Prof. Dr. Uyan Semerci, “Maalesef çocuklar, meskende, sokakta, okulda, hatta toplumsal medyada birçok risk altında. Bu alanların dışında, olmaması gereken yerlerde tarlada ya da merdiven altı atölyelerde ağır şartlarda çalışıyorlar. Aileler temel gereksinimlerini karşılamada zorluk yaşadıkça, yoksulluk ve mahrumluk bu riskleri artırmakta. İçinde olduğumuz çoklu krizlerin tesiriyle bu zorluklar çoğalmakta. Hepimizi etkileyen pandemi, çok büyük kayıplar yaşadığımız sarsıntılar, ekonomik krizin tesirleri çocukları direkt etkiliyor. Bu afet ve krizler çocukların hayatında çok değerli rol oynayan ebeveynler ve öğretmenler üzere yetişkinleri de etkileyerek çocukların hayatını çok farklı olumsuz yansımalarla şekillendiriyor.” dedi.
Prof. Dr. Uyan Semerci, “Tüm çocukların sağlıklı gelişimlerini sağlayacak gözetici bakım ve gerekli durumlarda tedaviye erişimi; tekrar eğitimin, kaliteli eğitimin, tüm çocukları kapsayacak formda düzenlenmesinin öncelenmesi gerekiyor. Pandemi sonrası periyotta arttığı tespit edilen çocuk personelliği başta olmak üzere en dezavantajlı şartlardaki çocukların durumunu güzelleştirecek siyasetler ve uygulamalar hedeflenmeli.” diye belirtti.

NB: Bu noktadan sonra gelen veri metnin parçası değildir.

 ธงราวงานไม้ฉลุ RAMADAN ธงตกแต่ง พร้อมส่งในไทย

‘Çocuklara yönelik şiddet konusunda farkındalık artırılmalı’
Çocukların içinde oldukları konut ve ömür şartları açısından farklı risklerle karşı karşıya olduğunu belirten Prof. Dr. Uyan Semerci, “Okullarda ve toplumsal medyada akran zorbalığı da dahil olmak üzere toplumda çocuklara yönelik şiddet konusunda farkındalık artırılmalı, topyekûn bir uğraş ile çocukların güvenliği öncelenmeli. Ayrıyeten kız çocuklarını güçlendirmeye dair siyasetler ve müdahaleler de planlanmalı” dedi.

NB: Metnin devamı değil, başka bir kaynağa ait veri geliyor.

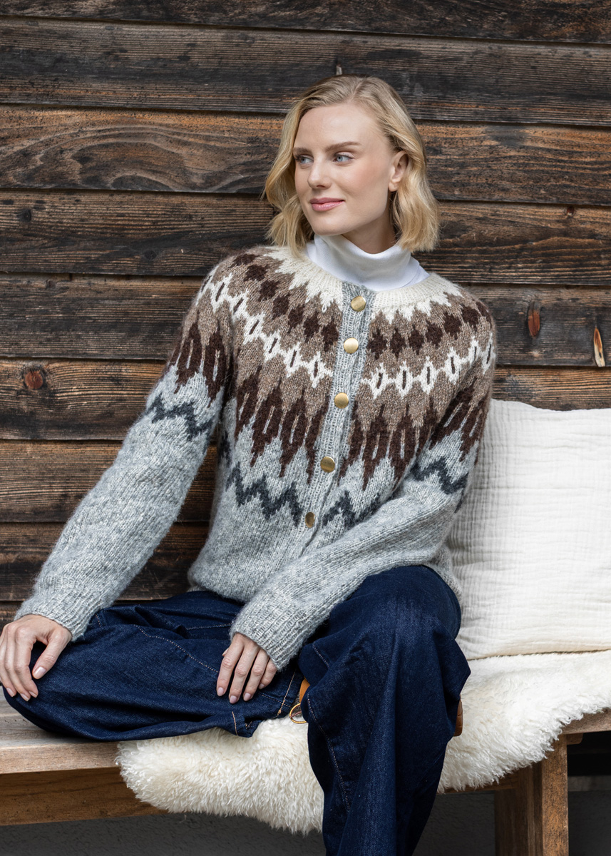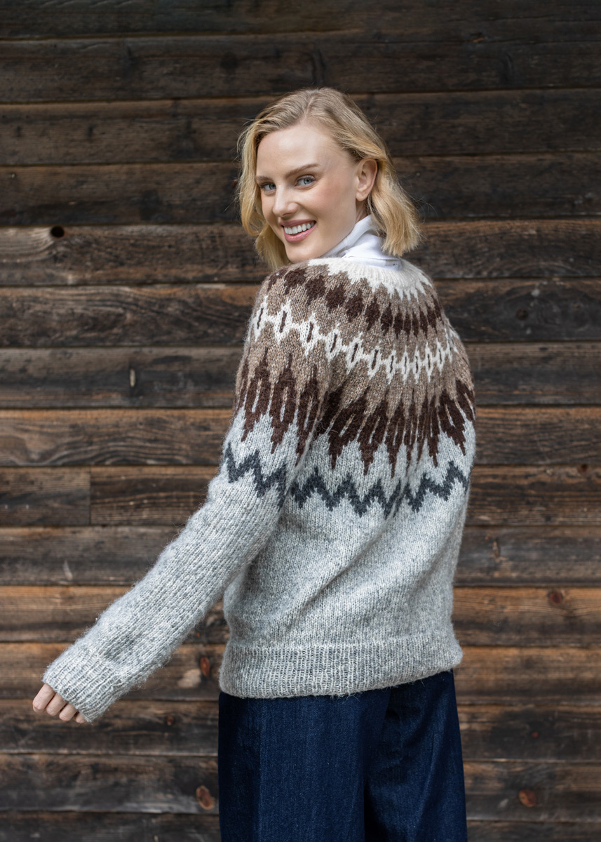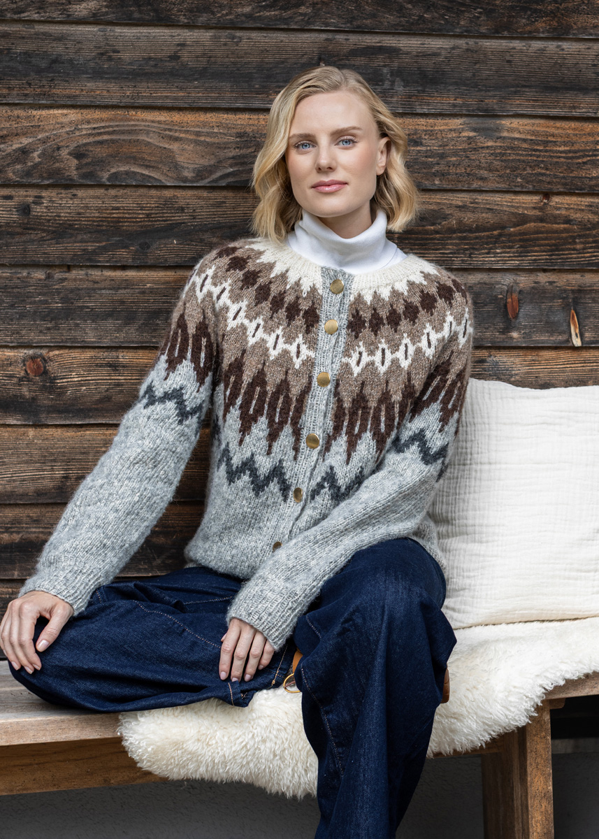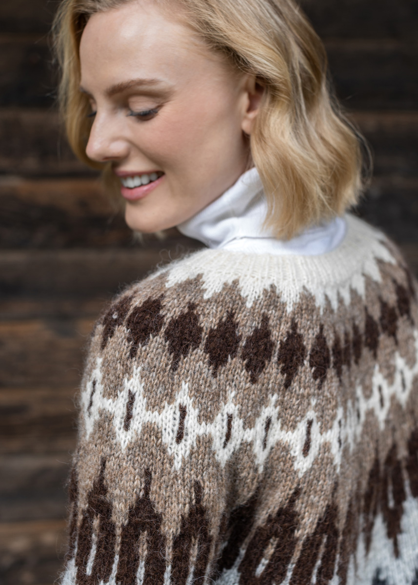 Der Cardigan wird in einem Stück von oben nach unten gestrickt. Er kann wahlweise klassisch (inklusive Blenden in einem Stück) oder als Steek Variante gestrickt werden. Dabei wird zunächst in Runden gestrickt. Am Ende werden die Ränder mit Kett-M gesichert, der Cardigan in der Mitte aufgeschnitten und die Blenden nachträglich quer angestrickt.

Son devirde gerçekleşen çocuk hakkı ihlallerine de dikkat çeken Prof. Dr. Uyan Semerci, “Maalesef üst üste insanlığımızdan utandığımız ağır olaylara, acı kayıplara şahitlik ediyoruz. Narin cinayeti, yenidoğan vefatları, İzmir’de 5 çocuğun yangında ölmesi… Gerçekten de çocuk ölümlerinin, hayat hakkının olmadığı örnekleri kayıt altına almaya çalıştığımız bir devirdeyiz. Öğrendiğimiz her kayıpla bu hak ihlallerinin bir sefer daha tekrar etmemesi için ne yapmalıyız sorusu da hepimizin yanıtlaması gereken bir soru.” dedi.
Kız çocuklarının bilhassa dezavantajlı ailelerde eğitim hakkına erişimindeki pürüzlere de dikkat çeken Prof. Dr. Uyan Semerci, “Kız çocukları, sosyo-ekonomik eşitsizlikler nedeniyle erken yaşta mesken işleri ve bakım sorumluluklarını üstlenmek zorunda kalıyor. Bu durum, eğitimlerini tamamlamalarını engelliyor. Toplumsal cinsiyet eşitliği konusundaki farkındalık kampanyaları ve uygun uygulamalar yaygınlaştırılmalı.” dedi.